→ HOW TO COMPLETE THIS TASK
Would you reproduce every line of the material exactly?

╔══

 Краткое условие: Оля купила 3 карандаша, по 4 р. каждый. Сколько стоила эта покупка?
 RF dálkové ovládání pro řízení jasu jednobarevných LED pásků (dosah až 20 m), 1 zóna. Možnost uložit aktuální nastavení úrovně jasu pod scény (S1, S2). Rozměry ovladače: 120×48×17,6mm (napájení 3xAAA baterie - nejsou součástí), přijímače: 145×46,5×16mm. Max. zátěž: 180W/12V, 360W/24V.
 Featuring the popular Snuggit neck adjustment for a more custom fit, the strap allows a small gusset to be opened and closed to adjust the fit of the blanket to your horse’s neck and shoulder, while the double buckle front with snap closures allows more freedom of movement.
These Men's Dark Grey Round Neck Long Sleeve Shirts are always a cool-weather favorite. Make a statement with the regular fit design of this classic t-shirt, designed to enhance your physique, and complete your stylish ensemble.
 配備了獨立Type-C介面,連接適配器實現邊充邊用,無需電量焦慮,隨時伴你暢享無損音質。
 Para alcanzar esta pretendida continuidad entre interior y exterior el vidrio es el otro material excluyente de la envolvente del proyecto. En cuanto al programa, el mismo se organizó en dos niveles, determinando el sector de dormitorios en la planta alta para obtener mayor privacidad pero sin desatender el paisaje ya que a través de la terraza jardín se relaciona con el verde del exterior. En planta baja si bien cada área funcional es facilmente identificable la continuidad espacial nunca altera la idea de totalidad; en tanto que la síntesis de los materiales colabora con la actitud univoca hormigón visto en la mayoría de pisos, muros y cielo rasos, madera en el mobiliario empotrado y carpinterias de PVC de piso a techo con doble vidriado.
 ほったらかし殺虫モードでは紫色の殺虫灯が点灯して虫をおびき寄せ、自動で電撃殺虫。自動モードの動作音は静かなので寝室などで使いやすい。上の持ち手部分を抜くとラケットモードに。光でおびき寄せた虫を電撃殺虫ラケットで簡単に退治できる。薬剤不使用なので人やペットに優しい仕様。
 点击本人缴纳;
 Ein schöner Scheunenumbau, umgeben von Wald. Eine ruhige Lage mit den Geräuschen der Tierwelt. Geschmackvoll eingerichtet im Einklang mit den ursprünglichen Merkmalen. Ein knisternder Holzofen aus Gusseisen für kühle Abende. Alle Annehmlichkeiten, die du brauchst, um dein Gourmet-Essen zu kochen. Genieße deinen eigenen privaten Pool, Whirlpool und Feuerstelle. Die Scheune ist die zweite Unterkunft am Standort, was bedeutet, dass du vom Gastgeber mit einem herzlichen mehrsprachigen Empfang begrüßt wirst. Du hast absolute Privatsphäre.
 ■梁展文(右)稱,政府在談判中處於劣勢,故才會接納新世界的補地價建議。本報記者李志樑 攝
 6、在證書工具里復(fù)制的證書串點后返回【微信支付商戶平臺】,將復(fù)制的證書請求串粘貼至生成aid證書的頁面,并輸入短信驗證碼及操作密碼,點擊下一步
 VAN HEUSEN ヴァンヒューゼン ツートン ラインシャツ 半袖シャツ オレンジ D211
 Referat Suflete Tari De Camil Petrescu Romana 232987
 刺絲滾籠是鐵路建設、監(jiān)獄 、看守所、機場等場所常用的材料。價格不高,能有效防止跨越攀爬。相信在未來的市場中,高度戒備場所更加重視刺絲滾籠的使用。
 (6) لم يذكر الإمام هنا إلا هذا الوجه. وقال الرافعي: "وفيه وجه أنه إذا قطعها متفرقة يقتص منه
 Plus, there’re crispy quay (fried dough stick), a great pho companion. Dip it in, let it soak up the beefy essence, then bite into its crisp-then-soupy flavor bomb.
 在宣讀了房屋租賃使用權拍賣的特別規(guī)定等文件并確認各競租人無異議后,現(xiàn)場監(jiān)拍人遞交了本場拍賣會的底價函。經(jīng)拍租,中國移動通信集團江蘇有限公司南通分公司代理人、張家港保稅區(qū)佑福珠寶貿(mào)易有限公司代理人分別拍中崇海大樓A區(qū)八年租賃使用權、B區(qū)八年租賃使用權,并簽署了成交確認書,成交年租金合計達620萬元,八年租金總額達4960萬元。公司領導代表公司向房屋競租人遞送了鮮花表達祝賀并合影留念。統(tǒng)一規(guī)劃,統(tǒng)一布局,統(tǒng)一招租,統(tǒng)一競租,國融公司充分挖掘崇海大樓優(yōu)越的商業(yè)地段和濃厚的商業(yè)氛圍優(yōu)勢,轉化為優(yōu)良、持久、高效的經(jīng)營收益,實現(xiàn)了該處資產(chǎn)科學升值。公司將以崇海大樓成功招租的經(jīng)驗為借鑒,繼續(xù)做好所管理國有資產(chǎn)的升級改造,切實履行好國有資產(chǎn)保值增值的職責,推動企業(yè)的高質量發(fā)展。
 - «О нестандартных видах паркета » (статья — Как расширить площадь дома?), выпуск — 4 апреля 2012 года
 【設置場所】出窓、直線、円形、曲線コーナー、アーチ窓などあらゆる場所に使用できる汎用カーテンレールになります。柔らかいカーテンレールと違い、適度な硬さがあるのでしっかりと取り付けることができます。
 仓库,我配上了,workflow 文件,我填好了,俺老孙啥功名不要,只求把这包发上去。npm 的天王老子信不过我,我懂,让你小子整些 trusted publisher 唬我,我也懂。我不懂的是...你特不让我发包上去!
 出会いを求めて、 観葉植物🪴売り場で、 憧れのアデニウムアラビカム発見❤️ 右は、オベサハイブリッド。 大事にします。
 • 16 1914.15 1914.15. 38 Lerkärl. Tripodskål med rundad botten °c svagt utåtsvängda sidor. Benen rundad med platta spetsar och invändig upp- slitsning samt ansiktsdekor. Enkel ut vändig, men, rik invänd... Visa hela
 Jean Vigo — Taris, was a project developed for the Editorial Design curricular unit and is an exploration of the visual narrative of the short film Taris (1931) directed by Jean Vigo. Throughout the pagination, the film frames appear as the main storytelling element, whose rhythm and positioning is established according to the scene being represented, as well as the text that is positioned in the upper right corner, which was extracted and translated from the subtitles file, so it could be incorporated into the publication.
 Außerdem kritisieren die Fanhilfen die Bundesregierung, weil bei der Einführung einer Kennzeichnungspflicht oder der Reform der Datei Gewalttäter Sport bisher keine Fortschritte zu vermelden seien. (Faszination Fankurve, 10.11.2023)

╚══

→ EXERCISE ANSWER
 Краткое условие: Оля купила 3 карандаша, по 4 р. каждый. Сколько стоила эта покупка?
 RF dálkové ovládání pro řízení jasu jednobarevných LED pásků (dosah až 20 m), 1 zóna. Možnost uložit aktuální nastavení úrovně jasu pod scény (S1, S2). Rozměry ovladače: 120×48×17,6mm (napájení 3xAAA baterie - nejsou součástí), přijímače: 145×46,5×16mm. Max. zátěž: 180W/12V, 360W/24V.
 Featuring the popular Snuggit neck adjustment for a more custom fit, the strap allows a small gusset to be opened and closed to adjust the fit of the blanket to your horse’s neck and shoulder, while the double buckle front with snap closures allows more freedom of movement.
These Men's Dark Grey Round Neck Long Sleeve Shirts are always a cool-weather favorite. Make a statement with the regular fit design of this classic t-shirt, designed to enhance your physique, and complete your stylish ensemble.
 配備了獨立Type-C介面,連接適配器實現邊充邊用,無需電量焦慮,隨時伴你暢享無損音質。
 Para alcanzar esta pretendida continuidad entre interior y exterior el vidrio es el otro material excluyente de la envolvente del proyecto. En cuanto al programa, el mismo se organizó en dos niveles, determinando el sector de dormitorios en la planta alta para obtener mayor privacidad pero sin desatender el paisaje ya que a través de la terraza jardín se relaciona con el verde del exterior. En planta baja si bien cada área funcional es facilmente identificable la continuidad espacial nunca altera la idea de totalidad; en tanto que la síntesis de los materiales colabora con la actitud univoca hormigón visto en la mayoría de pisos, muros y cielo rasos, madera en el mobiliario empotrado y carpinterias de PVC de piso a techo con doble vidriado.
 ほったらかし殺虫モードでは紫色の殺虫灯が点灯して虫をおびき寄せ、自動で電撃殺虫。自動モードの動作音は静かなので寝室などで使いやすい。上の持ち手部分を抜くとラケットモードに。光でおびき寄せた虫を電撃殺虫ラケットで簡単に退治できる。薬剤不使用なので人やペットに優しい仕様。
 点击本人缴纳;
 Ein schöner Scheunenumbau, umgeben von Wald. Eine ruhige Lage mit den Geräuschen der Tierwelt. Geschmackvoll eingerichtet im Einklang mit den ursprünglichen Merkmalen. Ein knisternder Holzofen aus Gusseisen für kühle Abende. Alle Annehmlichkeiten, die du brauchst, um dein Gourmet-Essen zu kochen. Genieße deinen eigenen privaten Pool, Whirlpool und Feuerstelle. Die Scheune ist die zweite Unterkunft am Standort, was bedeutet, dass du vom Gastgeber mit einem herzlichen mehrsprachigen Empfang begrüßt wirst. Du hast absolute Privatsphäre.
 ■梁展文(右)稱,政府在談判中處於劣勢,故才會接納新世界的補地價建議。本報記者李志樑 攝
 6、在證書工具里復(fù)制的證書串點后返回【微信支付商戶平臺】,將復(fù)制的證書請求串粘貼至生成aid證書的頁面,并輸入短信驗證碼及操作密碼,點擊下一步
 VAN HEUSEN ヴァンヒューゼン ツートン ラインシャツ 半袖シャツ オレンジ D211
 Referat Suflete Tari De Camil Petrescu Romana 232987
 刺絲滾籠是鐵路建設、監(jiān)獄 、看守所、機場等場所常用的材料。價格不高,能有效防止跨越攀爬。相信在未來的市場中,高度戒備場所更加重視刺絲滾籠的使用。
 (6) لم يذكر الإمام هنا إلا هذا الوجه. وقال الرافعي: "وفيه وجه أنه إذا قطعها متفرقة يقتص منه
 Plus, there’re crispy quay (fried dough stick), a great pho companion. Dip it in, let it soak up the beefy essence, then bite into its crisp-then-soupy flavor bomb.
 在宣讀了房屋租賃使用權拍賣的特別規(guī)定等文件并確認各競租人無異議后,現(xiàn)場監(jiān)拍人遞交了本場拍賣會的底價函。經(jīng)拍租,中國移動通信集團江蘇有限公司南通分公司代理人、張家港保稅區(qū)佑福珠寶貿(mào)易有限公司代理人分別拍中崇海大樓A區(qū)八年租賃使用權、B區(qū)八年租賃使用權,并簽署了成交確認書,成交年租金合計達620萬元,八年租金總額達4960萬元。公司領導代表公司向房屋競租人遞送了鮮花表達祝賀并合影留念。統(tǒng)一規(guī)劃,統(tǒng)一布局,統(tǒng)一招租,統(tǒng)一競租,國融公司充分挖掘崇海大樓優(yōu)越的商業(yè)地段和濃厚的商業(yè)氛圍優(yōu)勢,轉化為優(yōu)良、持久、高效的經(jīng)營收益,實現(xiàn)了該處資產(chǎn)科學升值。公司將以崇海大樓成功招租的經(jīng)驗為借鑒,繼續(xù)做好所管理國有資產(chǎn)的升級改造,切實履行好國有資產(chǎn)保值增值的職責,推動企業(yè)的高質量發(fā)展。
 - «О нестандартных видах паркета » (статья — Как расширить площадь дома?), выпуск — 4 апреля 2012 года
 【設置場所】出窓、直線、円形、曲線コーナー、アーチ窓などあらゆる場所に使用できる汎用カーテンレールになります。柔らかいカーテンレールと違い、適度な硬さがあるのでしっかりと取り付けることができます。
 仓库,我配上了,workflow 文件,我填好了,俺老孙啥功名不要,只求把这包发上去。npm 的天王老子信不过我,我懂,让你小子整些 trusted publisher 唬我,我也懂。我不懂的是...你特不让我发包上去!
 出会いを求めて、 観葉植物🪴売り場で、 憧れのアデニウムアラビカム発見❤️ 右は、オベサハイブリッド。 大事にします。
 • 16 1914.15 1914.15. 38 Lerkärl. Tripodskål med rundad botten °c svagt utåtsvängda sidor. Benen rundad med platta spetsar och invändig upp- slitsning samt ansiktsdekor. Enkel ut vändig, men, rik invänd... Visa hela
 Jean Vigo — Taris, was a project developed for the Editorial Design curricular unit and is an exploration of the visual narrative of the short film Taris (1931) directed by Jean Vigo. Throughout the pagination, the film frames appear as the main storytelling element, whose rhythm and positioning is established according to the scene being represented, as well as the text that is positioned in the upper right corner, which was extracted and translated from the subtitles file, so it could be incorporated into the publication.
 Außerdem kritisieren die Fanhilfen die Bundesregierung, weil bei der Einführung einer Kennzeichnungspflicht oder der Reform der Datei Gewalttäter Sport bisher keine Fortschritte zu vermelden seien. (Faszination Fankurve, 10.11.2023)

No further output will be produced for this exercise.